**Records for processing:**
####

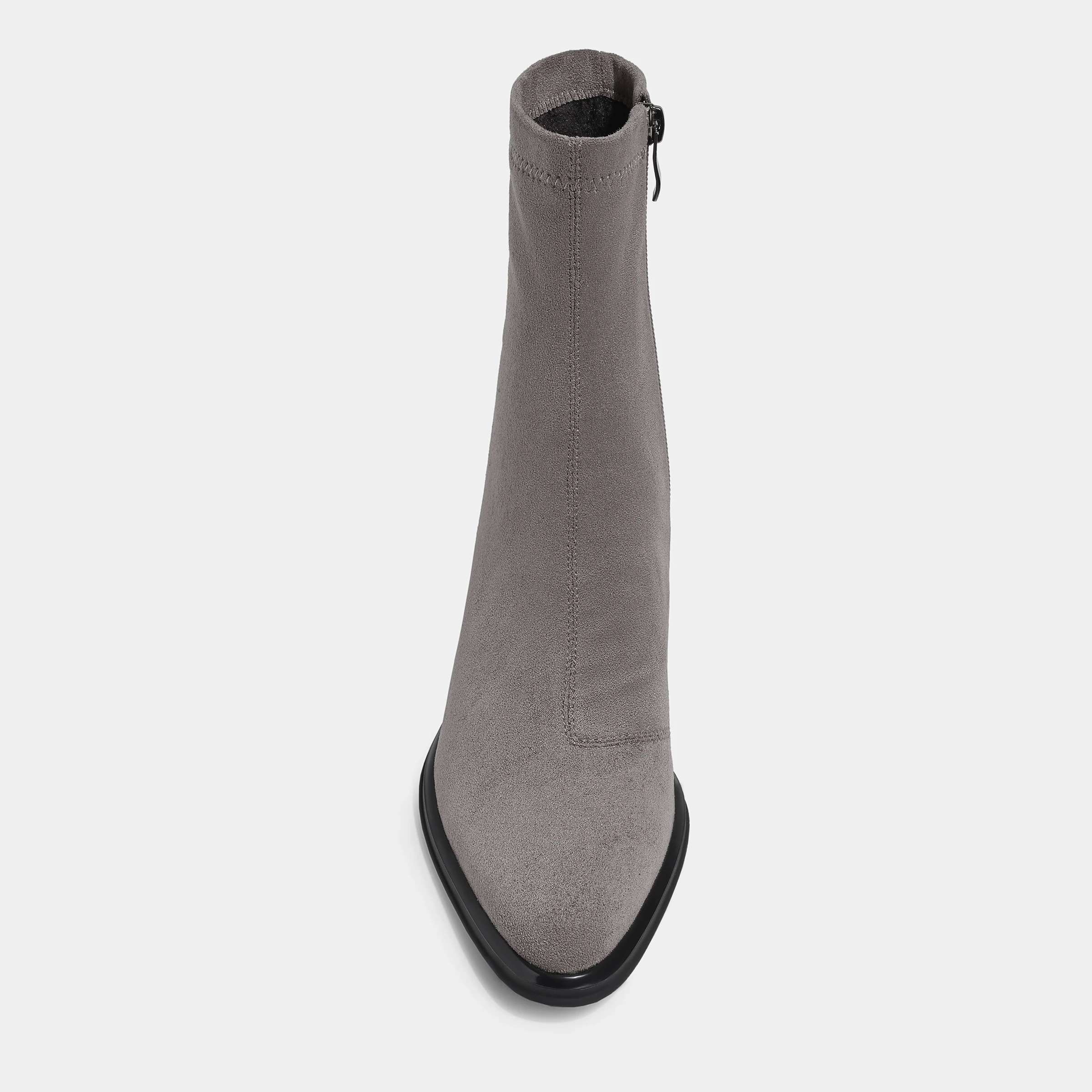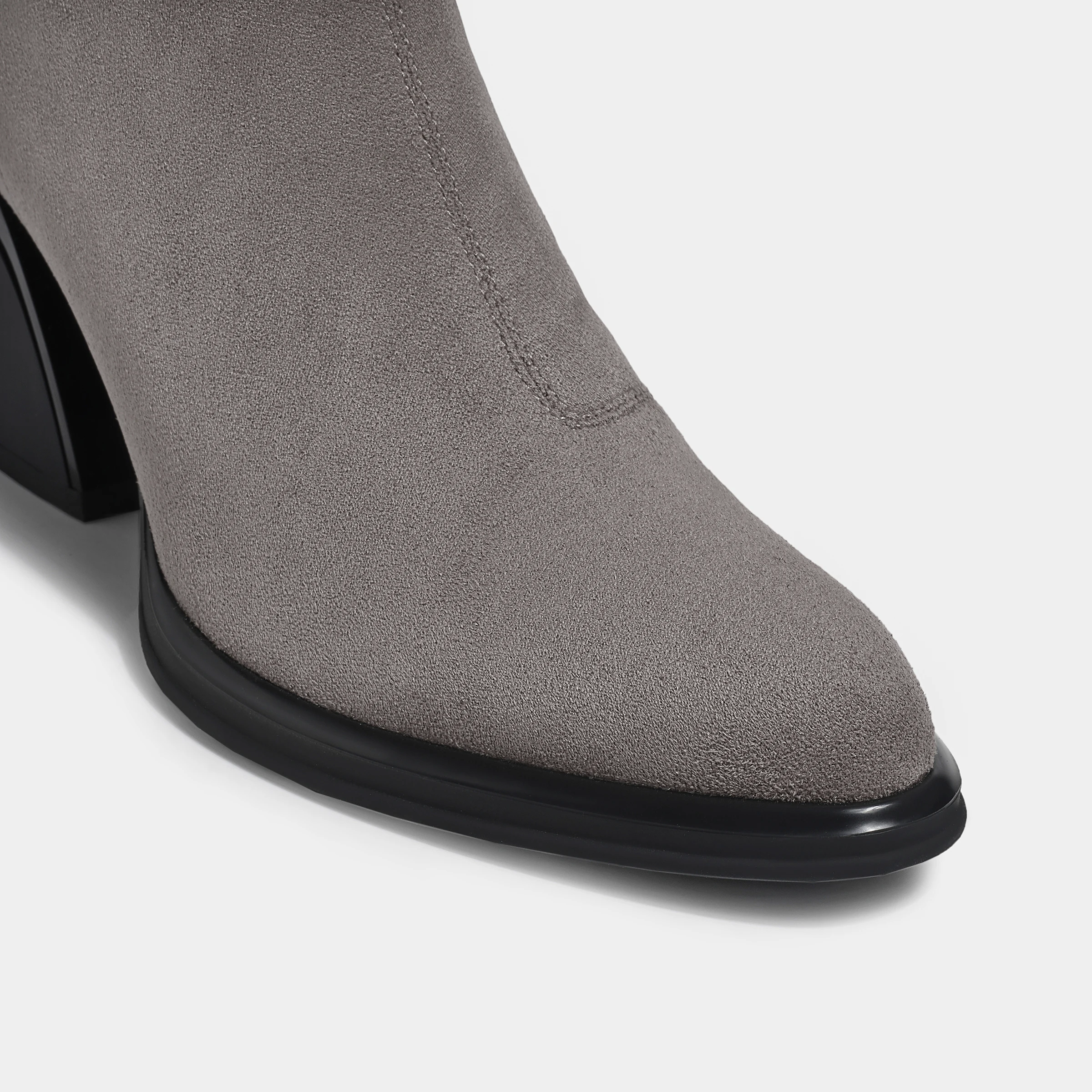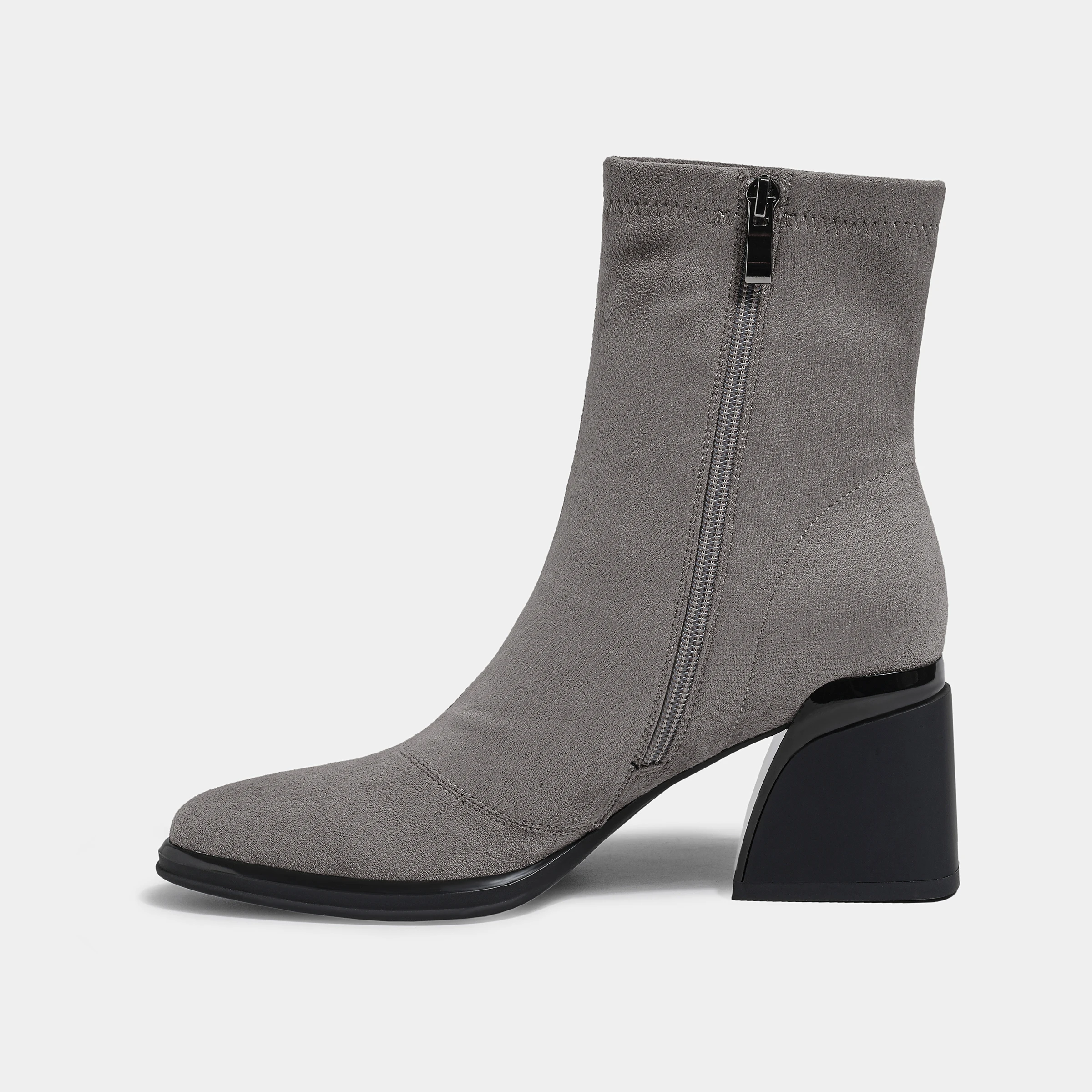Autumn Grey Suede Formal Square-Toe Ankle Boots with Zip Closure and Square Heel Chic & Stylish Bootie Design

####

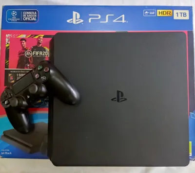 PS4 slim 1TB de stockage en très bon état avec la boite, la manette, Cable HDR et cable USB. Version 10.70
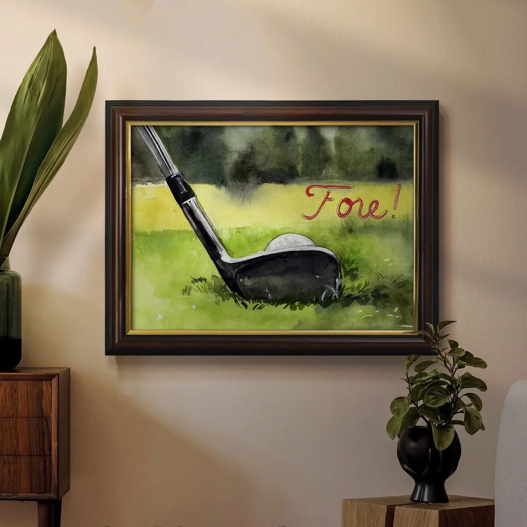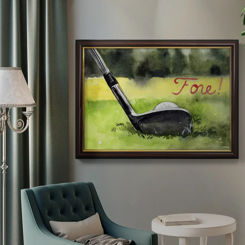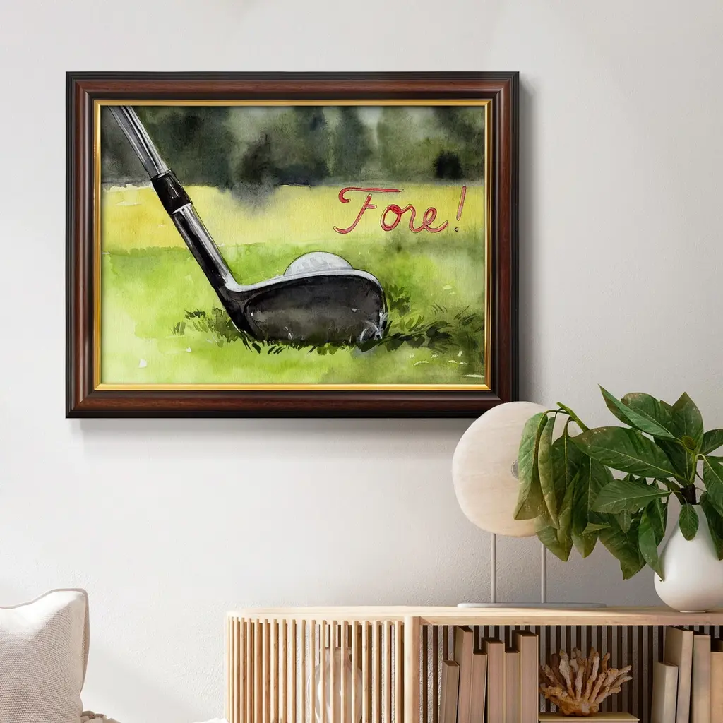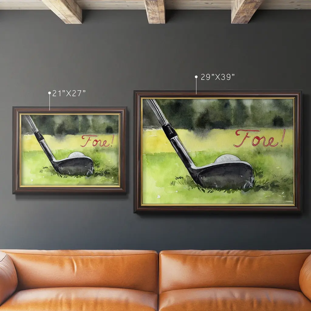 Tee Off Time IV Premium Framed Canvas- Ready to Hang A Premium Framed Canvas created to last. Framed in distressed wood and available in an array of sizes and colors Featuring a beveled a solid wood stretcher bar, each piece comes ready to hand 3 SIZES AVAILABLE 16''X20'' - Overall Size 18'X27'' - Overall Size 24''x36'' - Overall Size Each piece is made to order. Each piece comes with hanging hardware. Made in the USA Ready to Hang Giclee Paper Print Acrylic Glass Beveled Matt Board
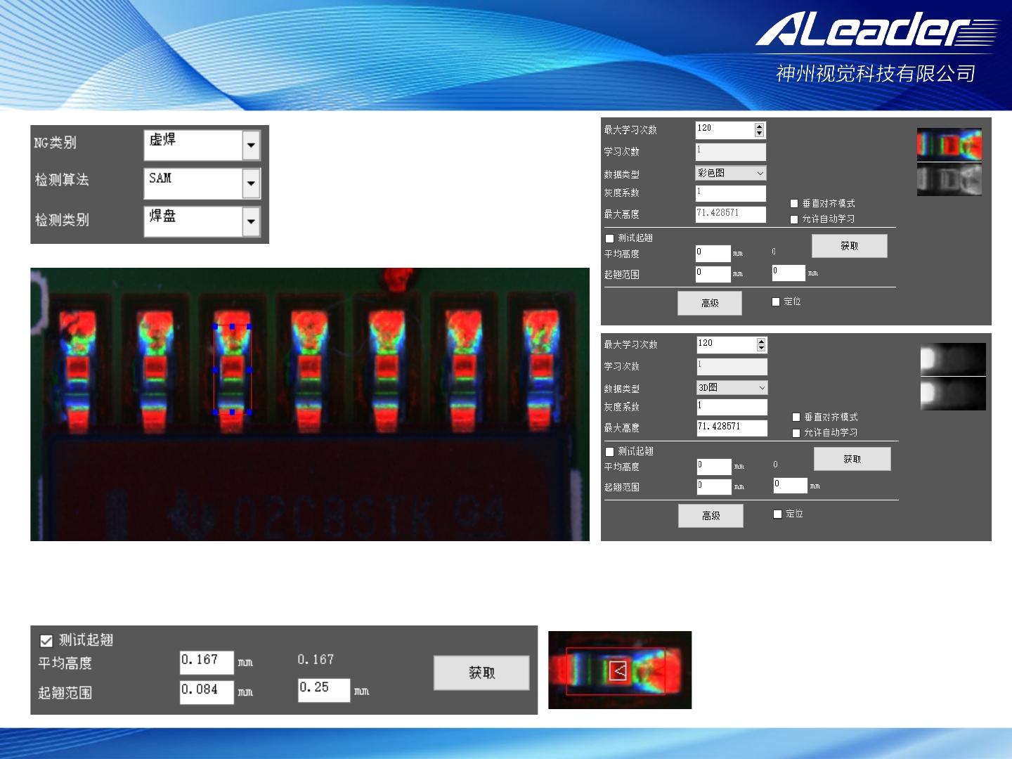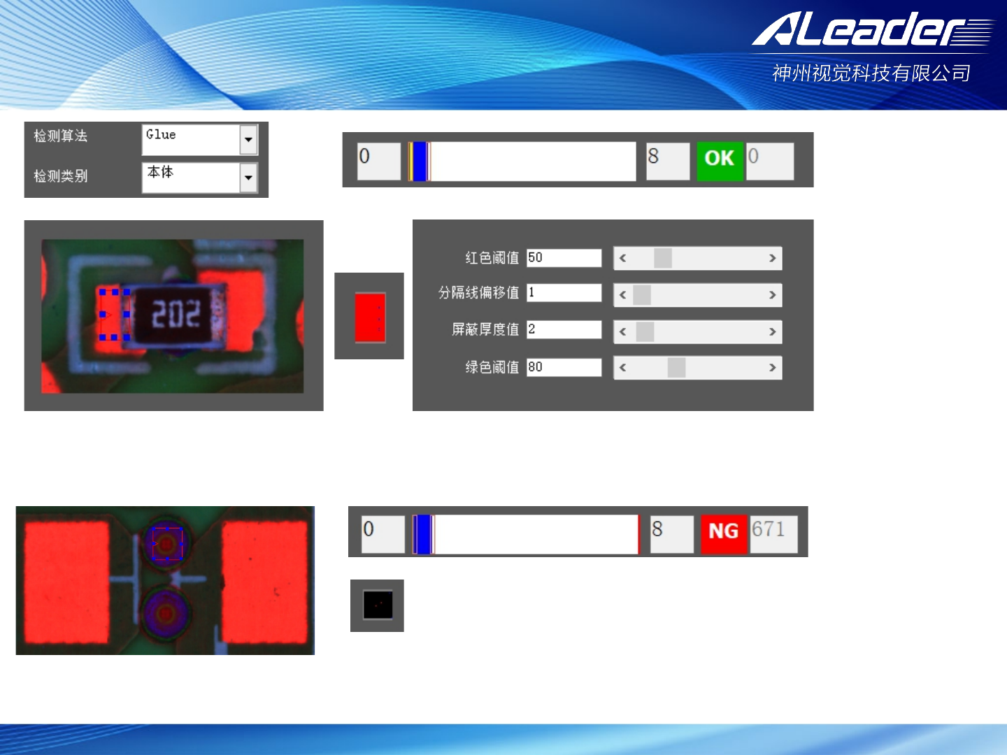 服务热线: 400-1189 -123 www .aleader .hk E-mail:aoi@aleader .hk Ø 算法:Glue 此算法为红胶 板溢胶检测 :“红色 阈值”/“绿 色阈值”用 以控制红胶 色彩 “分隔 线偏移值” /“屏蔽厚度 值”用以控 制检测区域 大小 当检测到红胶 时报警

####

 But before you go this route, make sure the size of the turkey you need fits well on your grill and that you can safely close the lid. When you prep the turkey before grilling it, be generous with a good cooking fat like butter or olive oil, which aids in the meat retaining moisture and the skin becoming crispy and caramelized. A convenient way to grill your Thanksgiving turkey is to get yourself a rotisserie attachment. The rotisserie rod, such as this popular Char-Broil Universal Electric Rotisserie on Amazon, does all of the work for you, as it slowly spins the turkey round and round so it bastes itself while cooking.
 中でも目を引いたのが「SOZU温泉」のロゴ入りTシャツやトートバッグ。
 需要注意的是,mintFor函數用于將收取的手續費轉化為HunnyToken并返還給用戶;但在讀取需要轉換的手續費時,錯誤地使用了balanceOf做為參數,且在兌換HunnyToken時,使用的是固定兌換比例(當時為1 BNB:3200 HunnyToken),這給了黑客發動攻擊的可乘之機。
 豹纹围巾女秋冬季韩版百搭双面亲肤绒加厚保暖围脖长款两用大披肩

####

**Instructions to follow:**
Your task for the entries above: copy exactly the span starting with the line with "中でも目を引いたのが「SOZU温泉」のロゴ入りTシャツやトートバッグ。" and going on through the line with "豹纹围巾女秋冬季韩版百搭双面亲肤绒加厚保暖围脖长款两用大披肩", both lines included, and nothing else.

**Answer box:**
 中でも目を引いたのが「SOZU温泉」のロゴ入りTシャツやトートバッグ。
 需要注意的是,mintFor函數用于將收取的手續費轉化為HunnyToken并返還給用戶;但在讀取需要轉換的手續費時,錯誤地使用了balanceOf做為參數,且在兌換HunnyToken時,使用的是固定兌換比例(當時為1 BNB:3200 HunnyToken),這給了黑客發動攻擊的可乘之機。
 豹纹围巾女秋冬季韩版百搭双面亲肤绒加厚保暖围脖长款两用大披肩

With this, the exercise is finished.